** Your assignment **
Would you repeat the listing below verbatim and drop the images?

━━ Given data

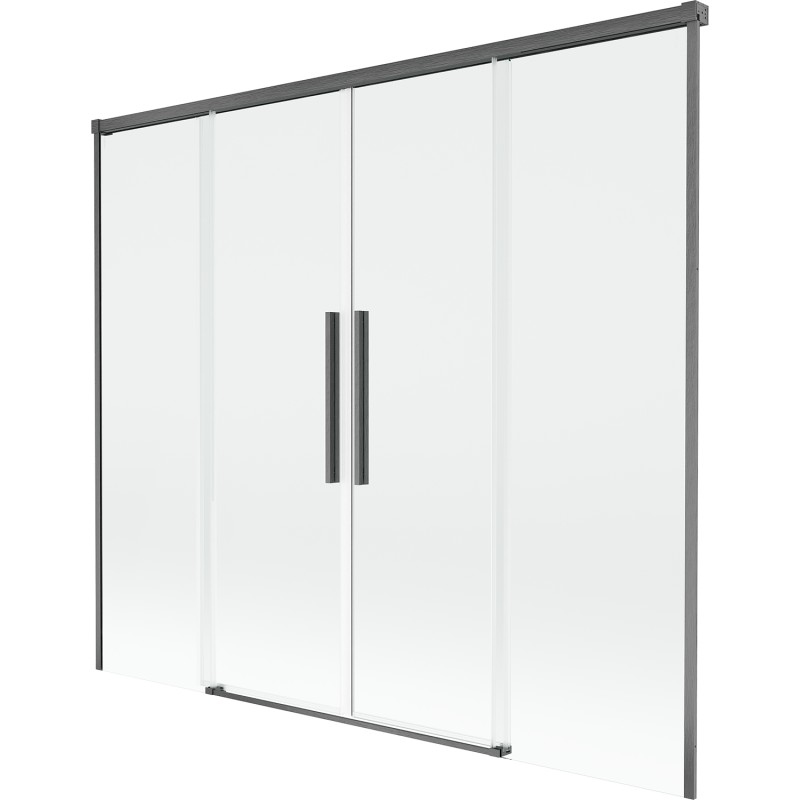 Technické údaje: Šířka: 190 cm Výška: 150 cm Typ: Dvoukřídlé Montáž: Univerzální Typ: Pohyblivé/Posuvné Typ skla: Tvrzené Barva skla: Průhledná Tloušťka skla: 8 mm Povrchová úprava: Kartáčovaná šedá Profil: Hliníkový povlak pro snadné čištění Možnost nastavení šířky Neviditelný mechanismus posuvných a dveřních otvorů Možnost naklonění dveří pro čištění sítě Magnetický proužek a elastomerové těsnění pro odvod vody Dva montážní systémy: - S profilem, který umožňuje vyrovnání nerovností stěn - Bez profilu v případě dokonale rovných stěn
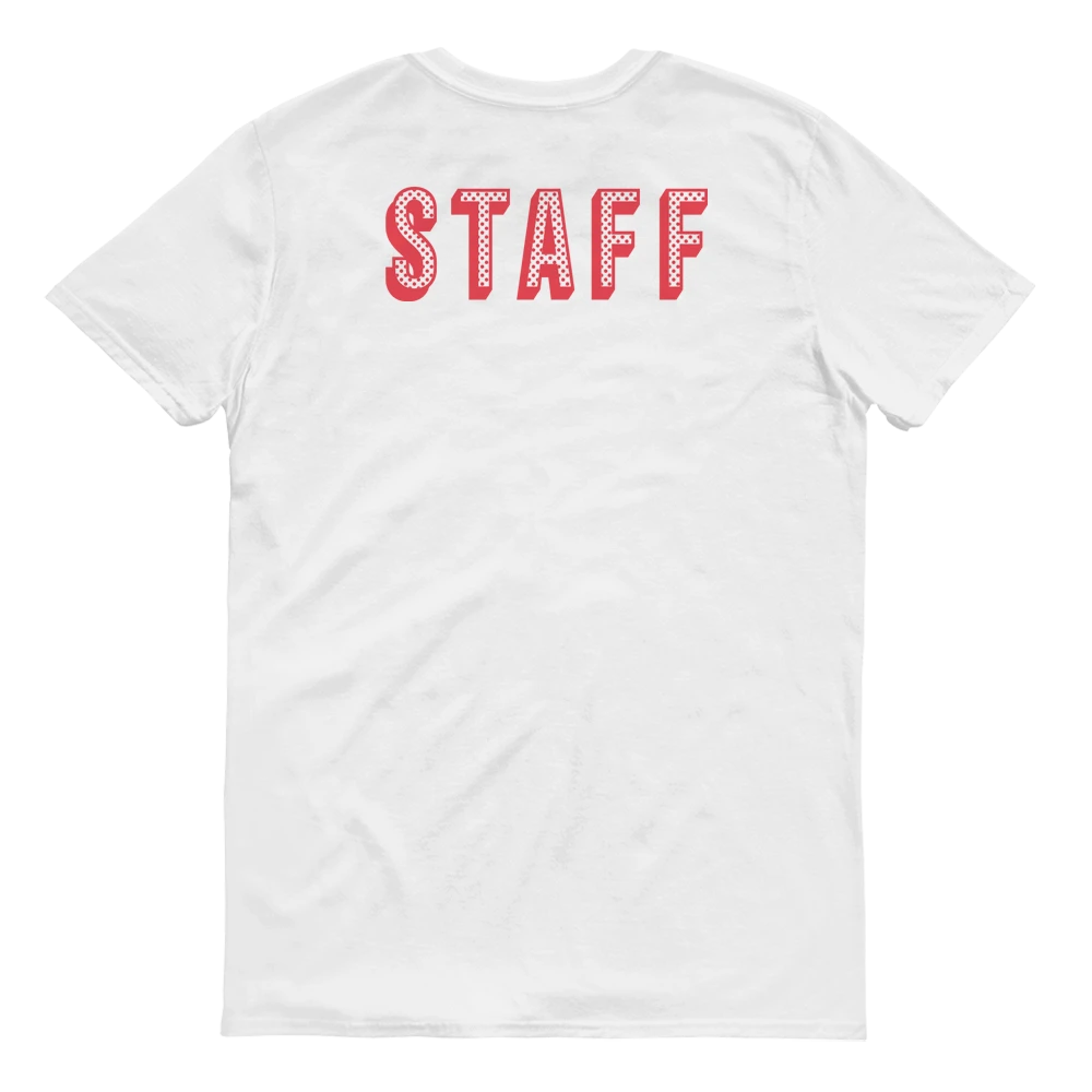 Get ready for your first shift in style with this comfy The Krusty Krab Staff Adult Short Sleeve T-Shirt. Featuring the Krusty Krab on the upper left chest and “STAFF” on the back, this short-sleeve tee will leave you saying, “I’m ready, I’m ready, I’m ready…to serve up smiles!”
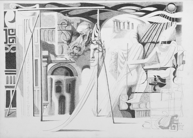 Blatt 7 zum 4. Gesang, sign. Jan.52 K.Kunz, Tusche

━━━━

** Solution for this problem **
 Technické údaje: Šířka: 190 cm Výška: 150 cm Typ: Dvoukřídlé Montáž: Univerzální Typ: Pohyblivé/Posuvné Typ skla: Tvrzené Barva skla: Průhledná Tloušťka skla: 8 mm Povrchová úprava: Kartáčovaná šedá Profil: Hliníkový povlak pro snadné čištění Možnost nastavení šířky Neviditelný mechanismus posuvných a dveřních otvorů Možnost naklonění dveří pro čištění sítě Magnetický proužek a elastomerové těsnění pro odvod vody Dva montážní systémy: - S profilem, který umožňuje vyrovnání nerovností stěn - Bez profilu v případě dokonale rovných stěn
 Get ready for your first shift in style with this comfy The Krusty Krab Staff Adult Short Sleeve T-Shirt. Featuring the Krusty Krab on the upper left chest and “STAFF” on the back, this short-sleeve tee will leave you saying, “I’m ready, I’m ready, I’m ready…to serve up smiles!”
 Blatt 7 zum 4. Gesang, sign. Jan.52 K.Kunz, Tusche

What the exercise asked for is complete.